24. The multi-processor system of claim 23, wherein, in response to the threshold transfer retry count exceeding the predetermined data transfer retry count, the master CPU is further configured to:
- determine if the cache data for the cache entry is dirty; and
- in response to the cache data for the cache entry being dirty, write back the cache data over the shared communications bus to a memory controller communicatively coupled to the shared communications bus, the memory controller configured to access a higher level memory.
25. The multi-processor system of claim 24, wherein, in response to the cache data for the cache entry not being dirty, the master CPU is configured to discontinue the cache data transfer request.
26. The multi-processor system of claim 20, wherein a target CPU among the one or more target CPUs is configured to:
- receive the cache data transfer request on the shared communications bus from the master CPU;
- determine a willingness to accept the cache data transfer request;
- issue a cache data transfer snoop response on the shared communications bus to be received by the master CPU indicating the willingness of the target CPU to accept the cache data transfer request;
- observe the one or more cache data transfer snoop responses from other target CPUs among the one or more target CPUs indicating a willingness to accept the cache data transfer request in response to issuance of the cache data transfer request by the master CPU; and
- determine if the target CPU will accept the cache data transfer request based on the observed one or more cache data transfer snoop responses from the other target CPUs and a predefined target CPU selection scheme.

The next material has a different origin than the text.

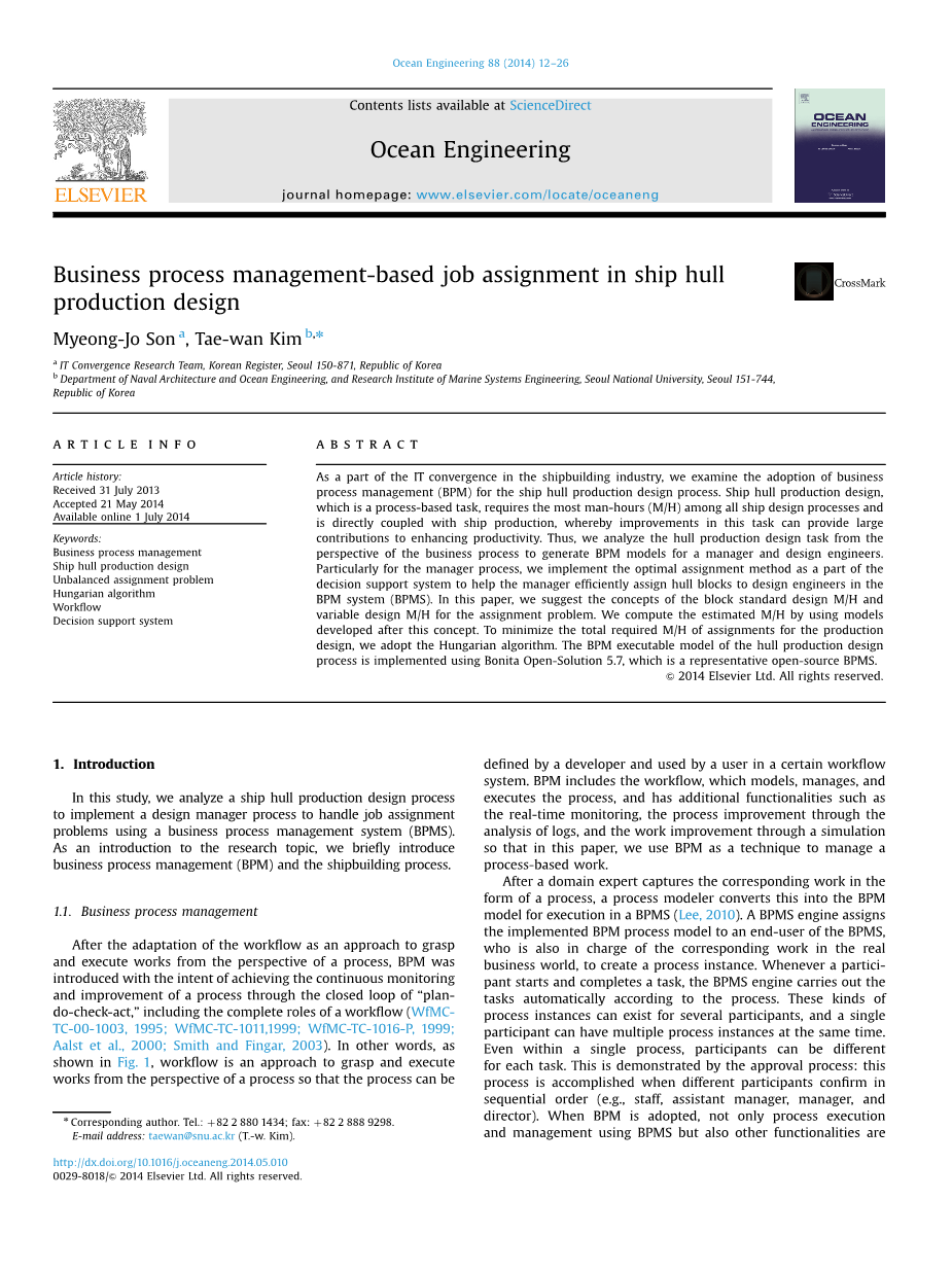 摘 要:作为造船行业IT融合的一部分,我们研究了船体生产设计过程中业务流程管理(BPM)的采用。 船体生产设计是一项基于过程的任务,所有船舶设计过程中所需的工时数(M / H)最多,并直接与船舶生产相结合,从而改进此任务可为提高生产力做出巨大贡献。 因此,我们从业务流程的角度分析船体生产设计任务,为经理和设计工程师生成BPM模型。 特别是对于经理流程,我们实施最优分配方法作为决策支持系统的一部分,以帮助经理有效地将船体模块分配给BPM系统(BPMS)中的设计工程师。 在本文中,我们提出了分配问题的块标准设计M / H和变量设计M / H的概念。 我们通过使用这个概念后开发的模型来计算估计的M / H。 为了最大限度地减少生产设计中任务总的M / H,我们采用匈牙利算法。 船体生产设计过程的BPM可执行模型是使用Bonita Open-Solution 5.7实现的,后者是一个具有代表性的开源BPMS。

27. The multi-processor system of claim 26, wherein, in response to determining the target CPU to accept the cache data transfer request, the target CPU is further configured to:
- receive the cache data for the cache entry over the shared communications bus from the master CPU; and
- store the received cache data in the cache entry in the local, shared cache memory of the target CPU.
28. The multi-processor system of claim 27, wherein the target CPU is further configured to:
- in response to determining the willingness of the target CPU to accept the cache data transfer request, assign a buffer entry for the cache data transfer request; and
- in response to determining the target CPU will not accept the cache data transfer request, release the buffer entry for the cache entry.
29. The multi-processor system of claim 26, wherein, in response to at least one of the observed one or more cache data transfer snoop responses from the other target CPUs indicating the willingness to accept the cache data transfer request, the target CPU is configured to determine acceptance of the cache data transfer request based on the predefined target CPU selection scheme comprising selection of the target CPU closest to the master CPU willing to accept the cache data transfer request based on the observed one or more cache data transfer snoop responses.
30. The multi-processor system of claim 29, wherein the target CPU is configured to determine the target CPU closest to the master CPU willing to accept the cache data transfer request based on a pre-configured CPU position table.
31. The multi-processor system of claim 30, wherein, in response to none of the observed one or more cache data transfer snoop responses from the other target CPUs indicating the willingness to accept the cache data transfer request, the target CPU is configured to accept the cache data transfer request based on the predefined target CPU selection scheme comprising selection of an only target CPU willing to accept the cache data transfer request.
32. The multi-processor system of claim 1, wherein the master CPU is further configured to determine a cache state of the cache entry in its associated respective local, shared cache memory; and
- the master CPU is configured to: issue the cache transfer request comprising a cache state/data transfer request for the cache entry comprising the cache state for the cache entry in a shared cache state in its associated respective local, shared cache memory on the shared communications bus to be snooped by the one or more target CPUs; observe the one or more cache transfer snoop responses comprising one or more cache state/data transfer snoop responses from the one or more target CPUs in response to issuance of the cache state/data transfer request, each of the one or more cache state/data transfer snoop responses indicating a respective target CPU's willingness to accept the cache state/data transfer request; and determine if at least one target CPU among the one or more target CPUs indicated a willingness to accept the cache state/data transfer request based on the observed one or more cache state/data transfer snoop responses.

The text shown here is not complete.